Nucleotide variability and functionality of 18S rDNA

The number of substitutions per site in 18S rDNA differs greatly among sites. Alignment of 18S rDNA sequences reveals the presence of conserved areas with few variable substitutions interspersed (Nickrent and Soltis 1995; Van de Peer et al. 1993, 1996). We observed similar results in our dataset, showing a mosaic pattern with long stretches of conserved nucleotides and short variable regions in 18S rDNA (Fig. 2). Both stem and loop structures contain variable and conservative nucleotides. A higher proportion of highly variable nucleotides (≥10 steps) and a higher number of steps occurred in loops compared to stem structures, suggesting differences in selective constrains between both structures. This result confirms the pattern found in eukaryotes, where loops evolve considerably faster than stems (Smit et al. 2007).
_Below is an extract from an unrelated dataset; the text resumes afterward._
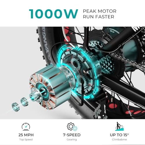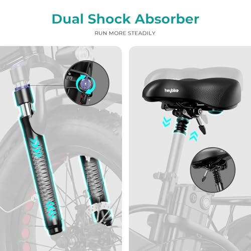 • 4″ FAT TIRES – With 4 inch wide puncture resistant fat tires and dual suspension. The places that Heybike Mars can take you are almost limitless. : – downtown around, rocky roads, sandy beaches, snowy suburbs, and even urban jungles.

More important is the similar distribution pattern between heterotrophic and related autotrophic plants (Fig. 2a, b). Despite a high number of variable nucleotides in mycoheterotrophic and holoparasitic plants (Fig. 2c), mutations seem to be strictly positioned to specific nucleotide sites, suggesting fixed selective constraints in the 18S rRNA molecule. These variable nucleotide sites occur in regions that are known to be highly variable within eukaryotes (Wuyts et al. 2000, 2001). The variable regions include mainly peripherally located eukaryotic-specific structures attached to a conserved core structure. Consequently, most conserved nucleotide sites are near the ribosome centre with increased nucleotide variability towards the ribosome surface (Wuyts et al. 2001). Nucleotides at the periphery of the ribosome, which are prone to substitutions, were located in structure number 6, 10, E10_1, 11, 17, 18, E23, 29, 43, 45 and 46. These variable nucleotides are under less functional constraints compared to centrally located sites with a catalytic or binding activity, which have less freedom to mutate. In Fig. 2, functional structures involved in peptidyl transferase activity, the translational cycle and interaction between rRNA subunits delimited by Caetano-Anollés (2002) are presented. As expected, substitutions are rare in those functional sites even within the faster evolving heterotrophic taxa. Based on these observation we can conclude that no major interference with the functions of the ribosome occurs and that the small ribosomal subunit retains its functionality, despite extremely high substitution rates in achlorophyllous taxa detected.